■ DIRECTIONS
One range is to be output from the listing below, exactly as written: the line with "hidoes b6 был" to the line with "Use the uSearch", both kept.

■ DATA TO USE
□ □ □ □

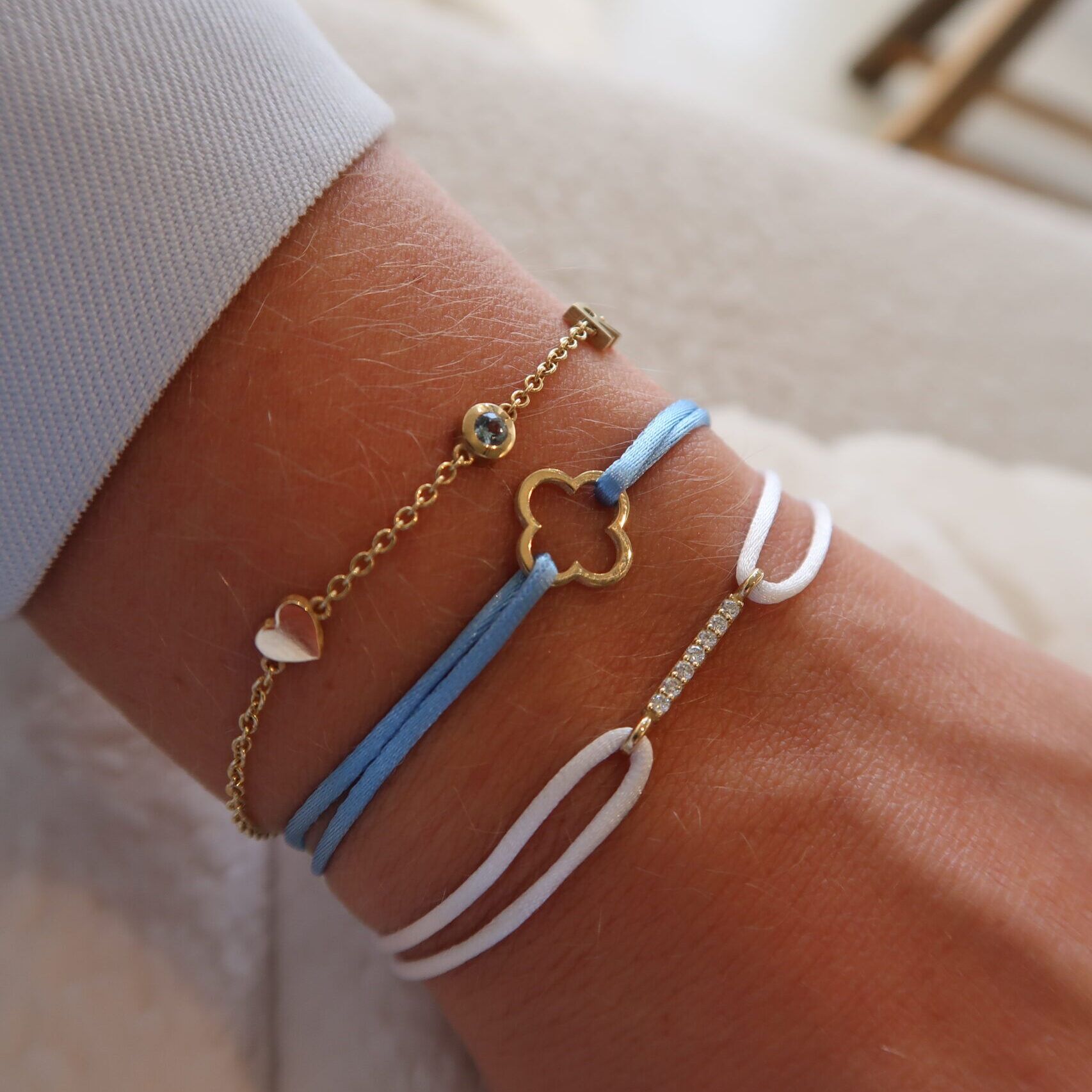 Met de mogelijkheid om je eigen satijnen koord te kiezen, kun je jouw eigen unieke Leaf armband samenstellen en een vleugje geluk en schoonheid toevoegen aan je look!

□ □ □ □

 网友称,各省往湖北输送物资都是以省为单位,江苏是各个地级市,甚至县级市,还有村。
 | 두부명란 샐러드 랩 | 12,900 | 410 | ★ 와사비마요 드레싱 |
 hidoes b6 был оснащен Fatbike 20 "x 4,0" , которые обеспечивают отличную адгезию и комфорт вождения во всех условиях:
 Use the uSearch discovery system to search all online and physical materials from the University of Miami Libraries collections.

□ □ □ □

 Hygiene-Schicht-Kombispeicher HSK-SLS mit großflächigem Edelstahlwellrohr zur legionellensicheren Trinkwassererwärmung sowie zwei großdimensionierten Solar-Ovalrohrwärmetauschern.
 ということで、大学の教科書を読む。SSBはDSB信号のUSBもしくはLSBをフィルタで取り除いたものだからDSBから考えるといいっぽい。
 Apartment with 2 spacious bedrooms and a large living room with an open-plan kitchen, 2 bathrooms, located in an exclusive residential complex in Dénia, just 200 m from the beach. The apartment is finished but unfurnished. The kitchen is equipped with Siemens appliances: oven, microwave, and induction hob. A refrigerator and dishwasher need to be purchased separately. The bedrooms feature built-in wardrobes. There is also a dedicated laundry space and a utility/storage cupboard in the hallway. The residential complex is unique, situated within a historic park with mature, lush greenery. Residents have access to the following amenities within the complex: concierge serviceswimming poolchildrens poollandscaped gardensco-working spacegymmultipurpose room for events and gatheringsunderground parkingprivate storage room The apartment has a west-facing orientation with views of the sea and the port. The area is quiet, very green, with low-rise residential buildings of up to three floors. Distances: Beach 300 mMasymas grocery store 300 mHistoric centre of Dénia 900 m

□ □ □ □

■ ANSWER SPACE
 hidoes b6 был оснащен Fatbike 20 "x 4,0" , которые обеспечивают отличную адгезию и комфорт вождения во всех условиях:
 Use the uSearch discovery system to search all online and physical materials from the University of Miami Libraries collections.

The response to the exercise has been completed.